## TASK PROMPT
Please, from the entries below, transcribe exactly the lines that begin at the line with "Gommone catamarano,velocissimo a" and end at the line with "โดย นายดำรง ยวงทอง", without the pictures.

____

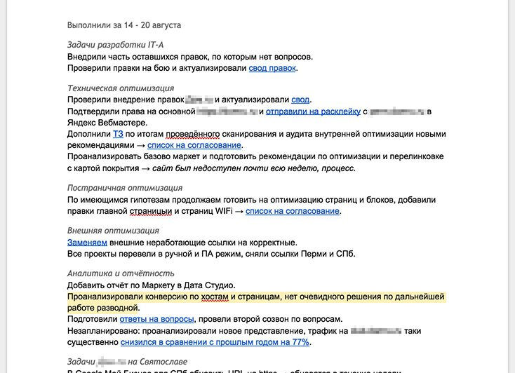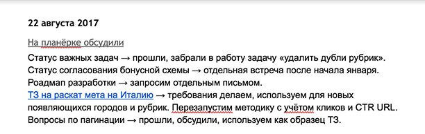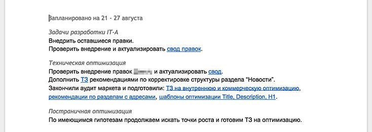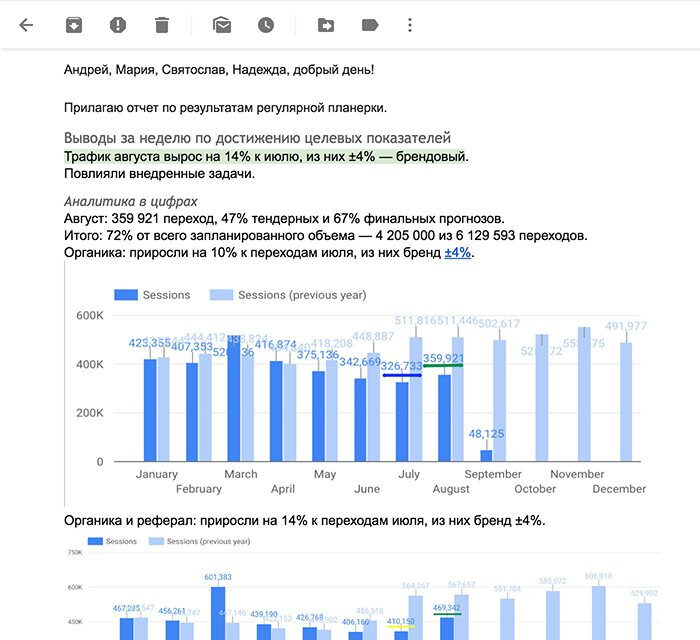 Дальше копируем отчёт из гуглдокса и отправляем его на почту всем участникам планёрки.
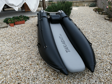 Gommone catamarano,velocissimo a remi e motore eletrico, molto stabile.
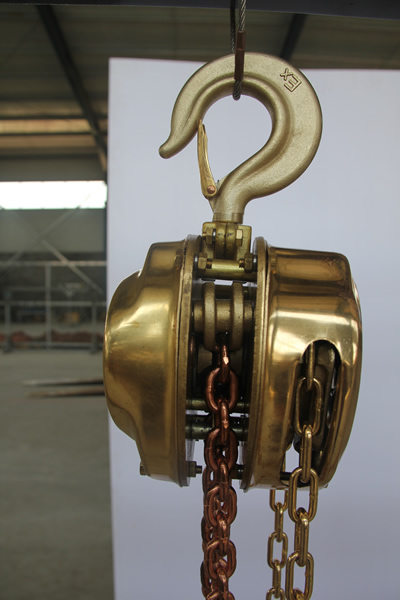 1噸防爆手拉葫蘆采用鋁青銅和鈹青銅材質(zhì)鍛造,設(shè)計(jì)結(jié)構(gòu)合理,使用安全性高,在使用過程中,不會(huì)產(chǎn)生火花,因此被廣泛應(yīng)用于石油、石化、油站、油庫、采氣、化工、軍工、電力、礦山、電子、鐵路、等潛在火患和爆炸的危險(xiǎn)環(huán)境中。
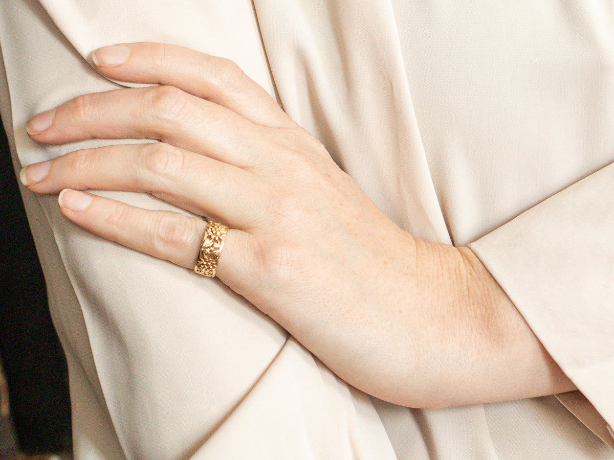 Crafted with stunning detail, this band features intricate floral designs in elegant yellow gold. Let this band be a timeless addition to your collection, adding a touch of sophistication and beauty to any look.
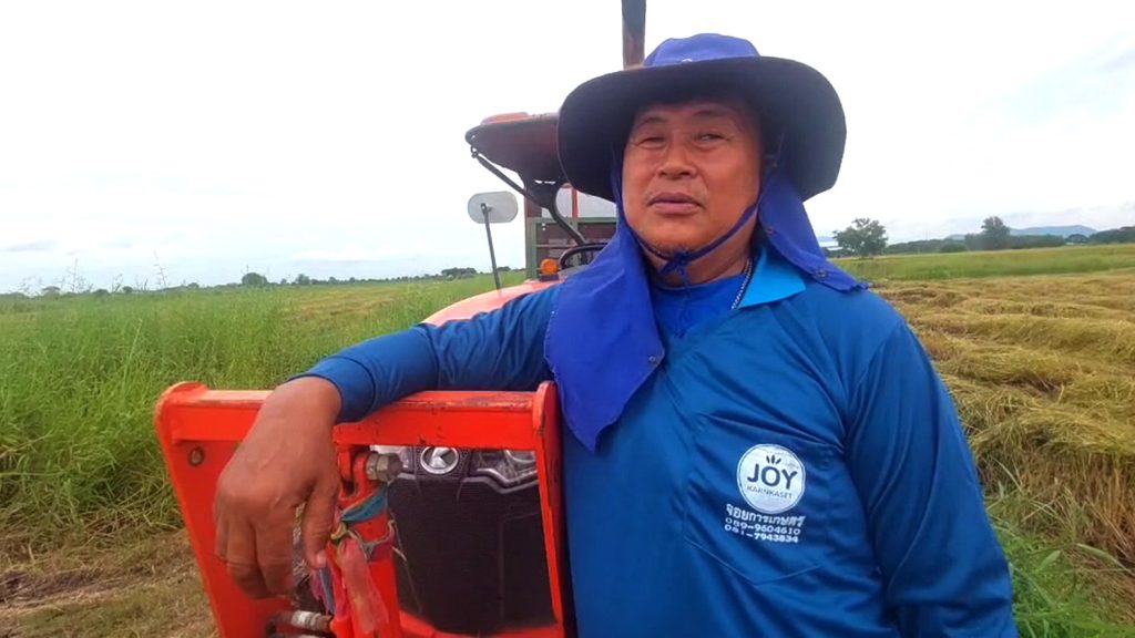 โดย นายดำรง ยวงทอง อายุ 60 ปี เกษตรกรผู้ทำนาน อำเภอบ้านหมี่ จังหวัดลพบุรี ได้เปิดเผยว่า ต้องเร่งเก็บเกี่ยหนีน้ำและจะมีฝนตกลงมาทำให้ข้าวในนาของตนมีความชื่นไม่ต่ำกว่าร้อยละ 30 ราคาที่จะได้รับก็บังไม่รู้ว่าจะเป็นอย่างไร ซึ่งก็อยากให้รัฐบาลได้ช่วยเหลือไร่ละพันบาทไม่เกิน 10 ไร่เป็นช่วยเหลือ 20 ไร่แม้ว่าช่วยไร่ละพันก็ยังไม่พอใช้หนี้ในการลงทุน สำหรับผลผลิตที่ได้เต็มที่ก็ไม่ถึงเกี่ยวไม่เกิน 20 ถังเจอภัยธรรมชาติมาซ้ำอีก ต้นทุนอื่น ๆ ลงทุนรวมก็ไม่ต่ำกว่าไร่ละ 6 พันบาท หากหมดเกษตรกรที่ทำนาในยุคนี้แล้วก็ไม่รู้ว่าคนรุ่นใหม่จะมาทำนากันหรือไม่อยากให้รัฐบาลบมาช่วยในการประกันราคาข้าว โดยเฉพาะในช่วงนี้ก็ให้เก็บเกี่ยวทั้งที่ข้าวยังไม่สุกเต็มที่ก็ต้องรีบเกี่ยวไม่เช่นนั้นจะเสียหายมากกว่านี้ รวมทั้งช่วยลดต้นทุนในเรื่องราคาน้ำมันที่ใช้ในการทำนาด้วย
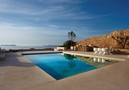 Maison très luxueuse située en première ligne de mer, dans l´urbanisation de Caló den real, entre les plages de Cala Vadella et Cala Moli. Supermarché à 1 Km avec service de livraison gratuite à domicile. San Jose à 7 Km et Ibiza ville à 20 Km. Sur un terrain de 2.000 M2. entièrement clôturé par des murs de pierre, très belle maison articulée autour d´un patio central avec grande piscine donnant directement sur la mer. Superbe vue sur la côte Ouest et les îles de S´Esparta et de Bledas. Capacité: 10 personnes. Maison de plein pied avec plusieurs bâtiments: - Partie principale: Salon salle à manger avec cheminée, TV parabolique chaînes françaises, musique, vidéo et téléphone. Cuisine américaine très bien équipée avec tout type d´électroménager comme machines à laver le linge et la vaisselle, 2 fours, grande cuisinière Smeg .. et grande réserve. Toilette d’invités. Grand patio avec salle à manger extérieure. Entre ce patio et la terrasse piscine, se trouvent 4 chambres doubles, et 4 salles de bain distribuées de la façon suivante: 2 chambres principales avec lit double donnant sur la terrasse piscine avec cheminée et vues sur mer. Une d´ elle avec TV parabolique. Chaque chambre a sa salle de bain complète en suite. 2 chambres doubles avec lits individuels donnant sur le patio, chacune avec sa salle de douche complète et toilette. - Annexe totalement indépendante: Une immense chambre double avec lit matrimonial de 2 x 2 et sa salle de douche complète. Terrasse piscine: Directement en front de mer, belle piscine de 5 x 10. Bar entièrement équipé. Salon et salle à manger sous porche couvert Internet WIFI Coffre-fort dans chaque chambre. Portail électrique. Chauffe-serviettes dans toutes les salles de bain. Eau avec système d\´épuration. Air conditionné dans les chambres. Finitions intérieures en micro-ciment et extérieures en mortex. Décoration de grand luxe et de très bon goût. Peut être dangereuse pour enfants de bas âge vu la proximité de la falaise.
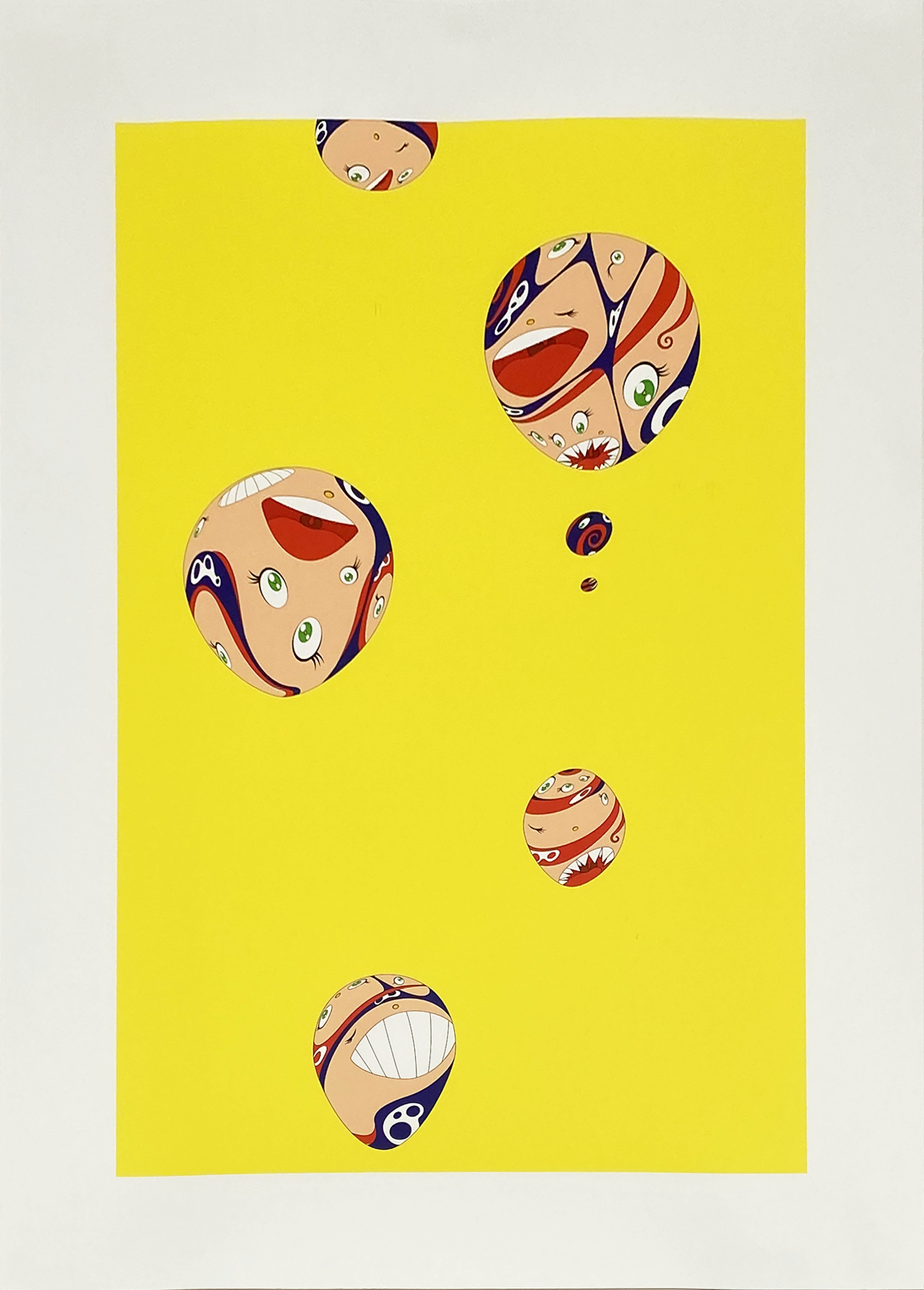 This early screenprint exemplifies Murakami's exploration of Japanese pop culture iconography through his signature "Superflat" aesthetic, featuring the artist's characteristic bold colors and cartoon-like imagery. Created during a pivotal period in his career, this limited edition work demonstrates Murakami's mastery of printmaking techniques while establishing the visual vocabulary that would define his international breakthrough.
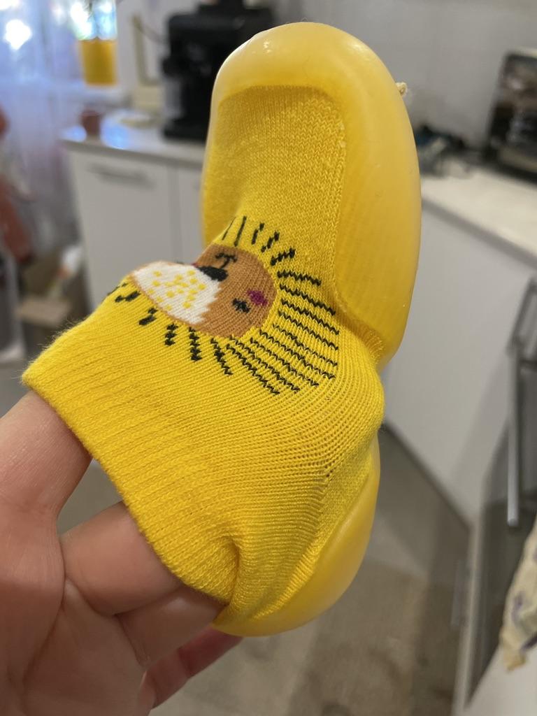 Muito legal, exatamente o que você precisa para seus primeiros sapatos! O forro é grosso, a meia respira, é tão confortável de usar quanto uma meia! Mas muito grande por 8 meses. O tamanho é de cerca de 10-12 meses
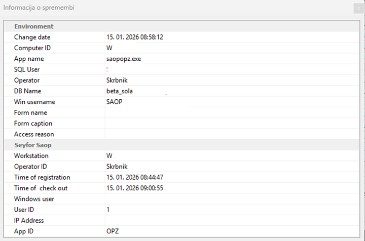 S klikom na ikono v stolpcu Spreminjal se odpre okno, v katerem so prikazani datum in čas spremembe ter operater, ki je spreminjal podatke.
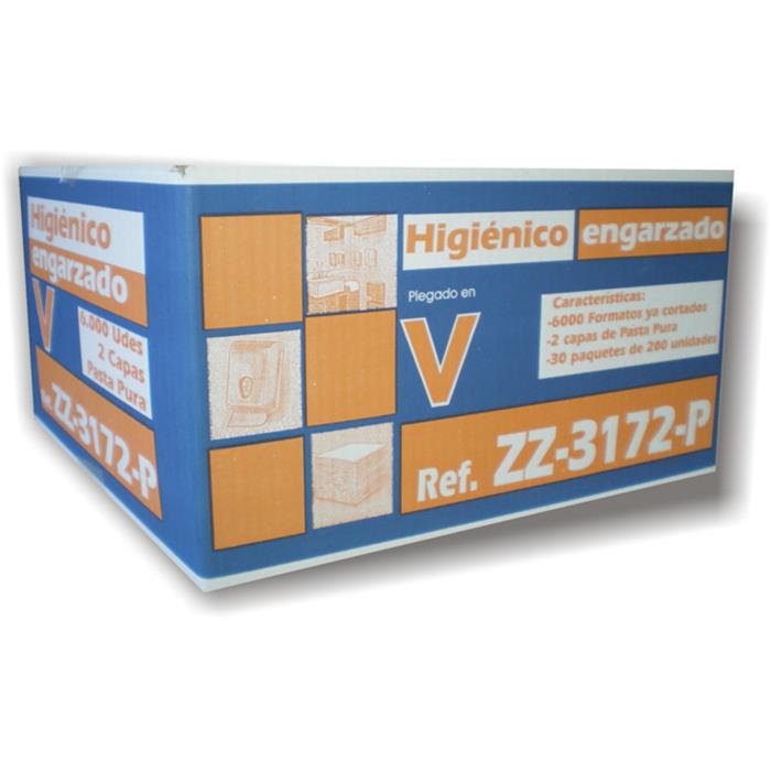 Higiénico engarzado en V pasta pura. 2 capas. Gofrado. Unión de capas en extremos. Paq. 200 unidades.
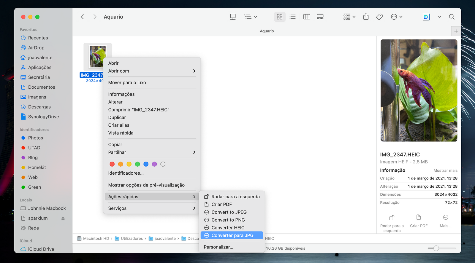 Agora, cada vez que transferires uma imagem do teu iPhone para o teu Mac podes convertê-la para JPEG ou PNG em segundos com apenas dois cliques!
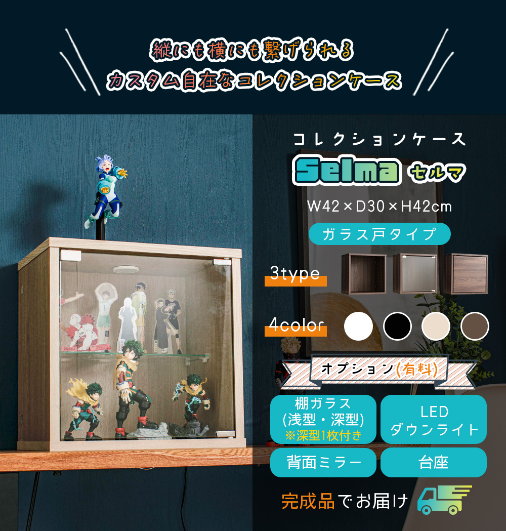 コレクションケース 幅42cm ガラス戸タイプ フィギュアケース オタ活 コレクション ボックス 積み重ね可能 扉付き 透明 ガラス 収納 段差式 セルマ
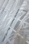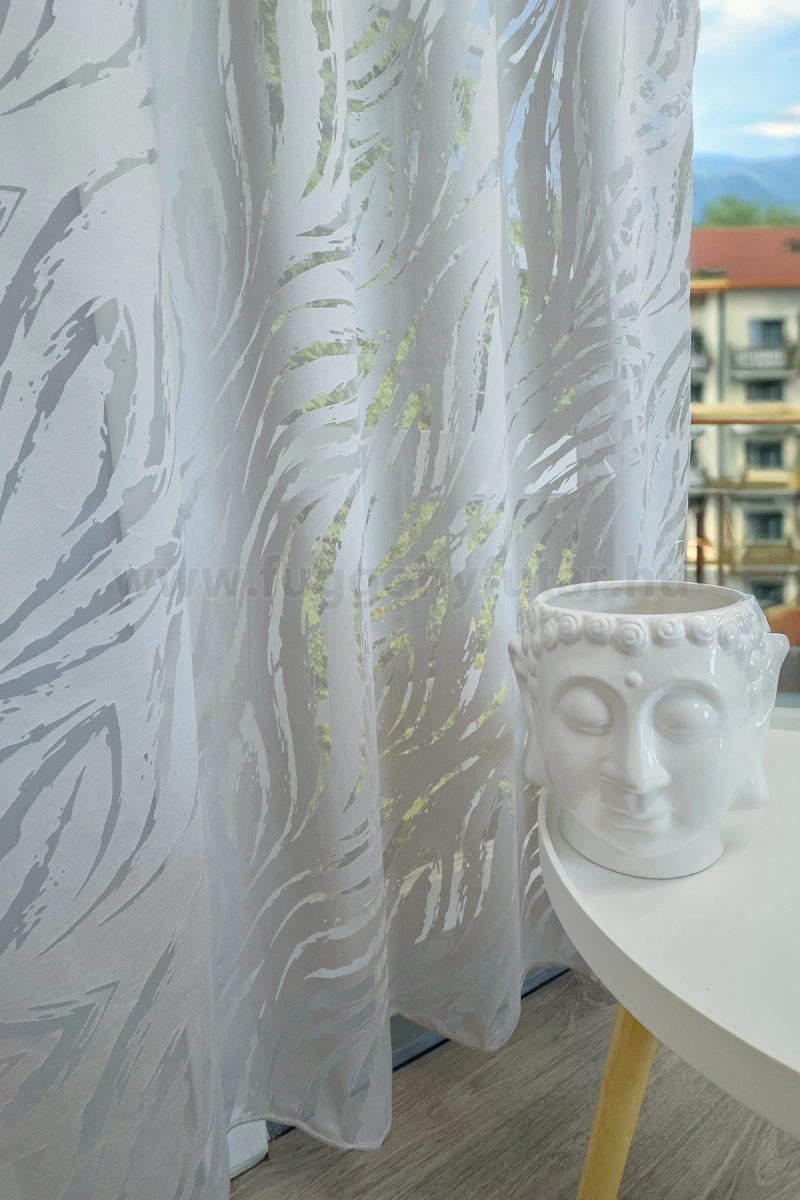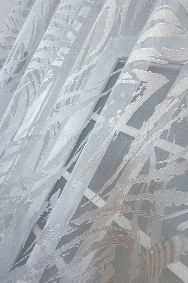 Vékony, laza szerkezetű organza anyag. Fényáteresztő függöny céljára legalább 2, vagy 2,5x-es mennyiségben mutat jól az ablakon. Kímélő mosást és vasalást igényel.

____

## EXPECTED ANSWER
 Gommone catamarano,velocissimo a remi e motore eletrico, molto stabile.
 1噸防爆手拉葫蘆采用鋁青銅和鈹青銅材質(zhì)鍛造,設(shè)計(jì)結(jié)構(gòu)合理,使用安全性高,在使用過程中,不會(huì)產(chǎn)生火花,因此被廣泛應(yīng)用于石油、石化、油站、油庫、采氣、化工、軍工、電力、礦山、電子、鐵路、等潛在火患和爆炸的危險(xiǎn)環(huán)境中。
 Crafted with stunning detail, this band features intricate floral designs in elegant yellow gold. Let this band be a timeless addition to your collection, adding a touch of sophistication and beauty to any look.
 โดย นายดำรง ยวงทอง อายุ 60 ปี เกษตรกรผู้ทำนาน อำเภอบ้านหมี่ จังหวัดลพบุรี ได้เปิดเผยว่า ต้องเร่งเก็บเกี่ยหนีน้ำและจะมีฝนตกลงมาทำให้ข้าวในนาของตนมีความชื่นไม่ต่ำกว่าร้อยละ 30 ราคาที่จะได้รับก็บังไม่รู้ว่าจะเป็นอย่างไร ซึ่งก็อยากให้รัฐบาลได้ช่วยเหลือไร่ละพันบาทไม่เกิน 10 ไร่เป็นช่วยเหลือ 20 ไร่แม้ว่าช่วยไร่ละพันก็ยังไม่พอใช้หนี้ในการลงทุน สำหรับผลผลิตที่ได้เต็มที่ก็ไม่ถึงเกี่ยวไม่เกิน 20 ถังเจอภัยธรรมชาติมาซ้ำอีก ต้นทุนอื่น ๆ ลงทุนรวมก็ไม่ต่ำกว่าไร่ละ 6 พันบาท หากหมดเกษตรกรที่ทำนาในยุคนี้แล้วก็ไม่รู้ว่าคนรุ่นใหม่จะมาทำนากันหรือไม่อยากให้รัฐบาลบมาช่วยในการประกันราคาข้าว โดยเฉพาะในช่วงนี้ก็ให้เก็บเกี่ยวทั้งที่ข้าวยังไม่สุกเต็มที่ก็ต้องรีบเกี่ยวไม่เช่นนั้นจะเสียหายมากกว่านี้ รวมทั้งช่วยลดต้นทุนในเรื่องราคาน้ำมันที่ใช้ในการทำนาด้วย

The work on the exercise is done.